── RECORDS PROVIDED
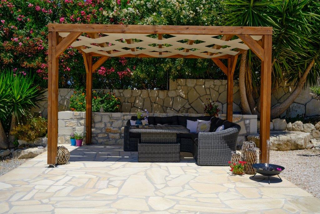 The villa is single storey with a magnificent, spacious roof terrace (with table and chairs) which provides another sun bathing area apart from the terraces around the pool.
────
── RECORDS PROVIDED
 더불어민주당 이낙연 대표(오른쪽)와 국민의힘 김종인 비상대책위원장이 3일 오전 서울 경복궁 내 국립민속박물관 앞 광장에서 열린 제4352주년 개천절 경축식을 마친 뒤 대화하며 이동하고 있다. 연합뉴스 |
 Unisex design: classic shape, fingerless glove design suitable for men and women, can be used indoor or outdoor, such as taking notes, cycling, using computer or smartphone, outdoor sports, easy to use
────
WORK TO BE COMPLETED |
Will you return exactly the lines above from the one with "더불어민주당 이낙연 대표(오른쪽)와" down to the one with "Unisex design: classic", counting both as part of the range?

SOLUTION |
 더불어민주당 이낙연 대표(오른쪽)와 국민의힘 김종인 비상대책위원장이 3일 오전 서울 경복궁 내 국립민속박물관 앞 광장에서 열린 제4352주년 개천절 경축식을 마친 뒤 대화하며 이동하고 있다. 연합뉴스 |
 Unisex design: classic shape, fingerless glove design suitable for men and women, can be used indoor or outdoor, such as taking notes, cycling, using computer or smartphone, outdoor sports, easy to use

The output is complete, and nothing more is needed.